El/La Para TransLatinas continues their HIV and AIDS prevention efforts and have collaborated with organizations like Native American AIDS Project and Mobilization against AIDS. El/La provides transgender Latinas with, "support and referrals for immigration, housing, name changes, and other services. Many of El/La's clients speak only Spanish and have sought asylum in the United States because of transphobic violence in their home countries – primarily Mexico, Central and South America, and the Caribbean." Many transgender Latinas are afraid to seek the authorities or any government resources because of their legal status and fear of facing more harassment. El/La aims to create a safe space where transgender Latinas "feel comfortable talking about any violent experiences and also case management."

They also provide anti-violence resources as their 2013 $200,000 grant was awarded to fund their anti-violence efforts. The organization planned on using this grant in order to train "luchadoras" fight against transphobic crimes and intimate partner violence.
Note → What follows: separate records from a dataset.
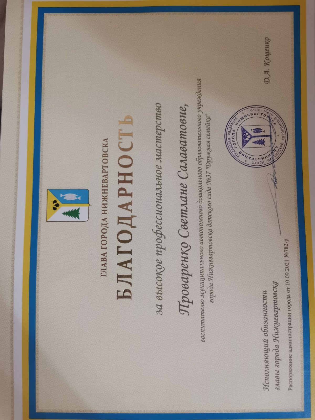 Благодарность главы города Нижневартовска за высокое профессиональное мастерство, 2021 (Просмотр)
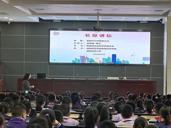 2024年10月11日,重阳节即将到来之际,由陕西省社会科学联合会主办,Bsports必一体育和咸阳彩虹小学承办的长安讲坛“重阳节与中医药文化”科普讲座及体验活动在咸阳彩虹小学综合楼礼堂圆满举行。此次活动旨在通过弘扬“百善孝为先”的传统美德,加强员工对孝敬长辈和感恩意识的培养,并结合中医药文化,促进健康生活方式的普及。本次活动由公司教师王峥嵘担任主讲人,彩虹小学德育主任许艺丹主持。彩虹小学一至六年级的教师及员工积极参与了活动。
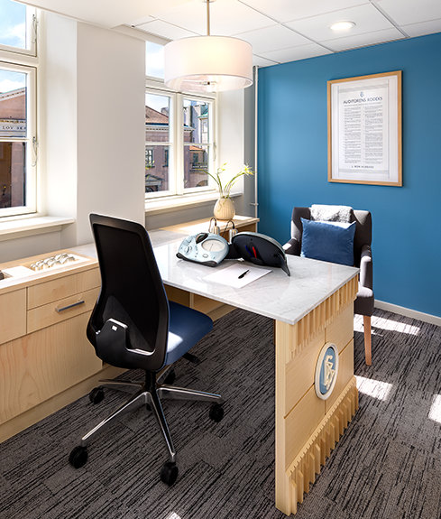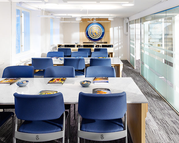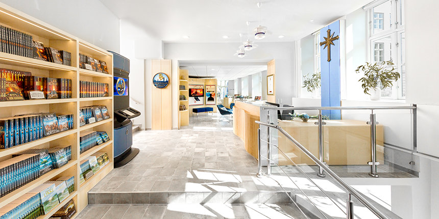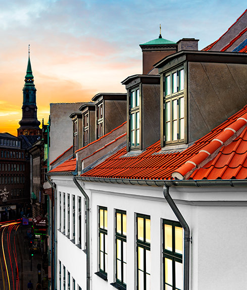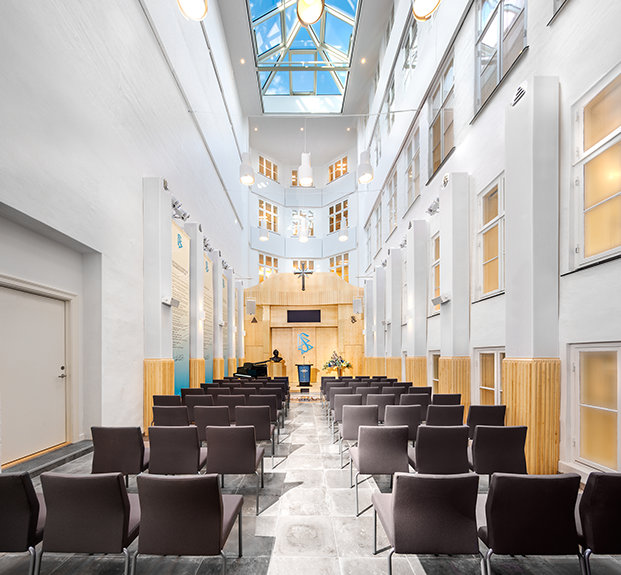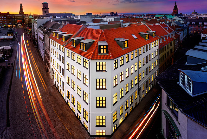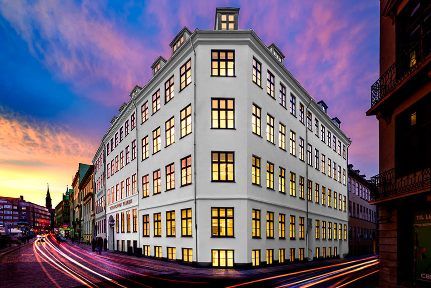La Iglesia remodeló, restauró y renovó su nuevo hogar en el centro de Copenhague. En 3 700 metros cuadrados, este edificio Neoclásico fue construido originalmente en 1796 y nació de las llamas del “Gran Fuego” que solo un año antes había consumido al distrito de Nytorv/Gammeltorv. De hecho, la planificación de la ciudad ordenó la distintiva “esquina rota” en la fachada del edificio para permitir el acceso a las escalera largas de los bomberos en las calles estrechas de la ciudad.

In 2015, El/La fundraised money for the funeral of outreach coordination and transgender activist Joana Luna and created an altar in their office space for her.

On Friday June 26, 2015, El/La Para TransLatinas worked with the San Francisco Trans March for their 12th annual Trans March. Additionally the organization was featured in a news segment by the popular US-based Latino and Spanish TV channel, Univision on November 19, 2015. This marked a significant step as they were acknowledged as a legitimate organization by the conservative Latino community. A significant feature found within the organization's website is the presence of both English and Spanish in each individual section. This feature was highlighted within the article "Trans Latinas: You're not your mother's little boy anymore" from a Berkeley journalism article from UC Berkeley's Graduate School of Journalism, wherein the issue of a language barrier is brought up.

In 2023, El/La Para TransLatinas was engaged in a Community Based Participatory Research Project around Advance Care Planning, helping TransLatina elders discuss medical decision making and end of life care, issues that have specific impact for those who may have complicated relationships with families of origin.. The study concluded that after attending workshops, participants felt better informed and better able to communicate their wishes to those around them and advocate for their own needs.

== Nominations and awards ==
In 2017, El/La Para TransLatinas was nominated for the award Organization Grand Marshal which is recognized in San Francisco's Annual Pride Parade. This award nominates people and organizations that have made significant contributions in the LGBT community. The winner of the Organization Grand Marshal is selected by the public via online voting.

In 2013, El/La Para TransLatinas was recognized and awarded a $200,000 grant by the San Francisco Human Rights Commission for their anti-violence work.

In 2021, El/La Para TransLatinas received the Grassroots Leadership Award, as part of the 2021 Immigrant Leadership Awards presented by the San Francisco Immigrant Rights Commission.

In 2021, Nicole Santamaría, Executive Director of El/La Para TransLatinas, served as a 2021 San Francisco Pride Community Grand Marshal.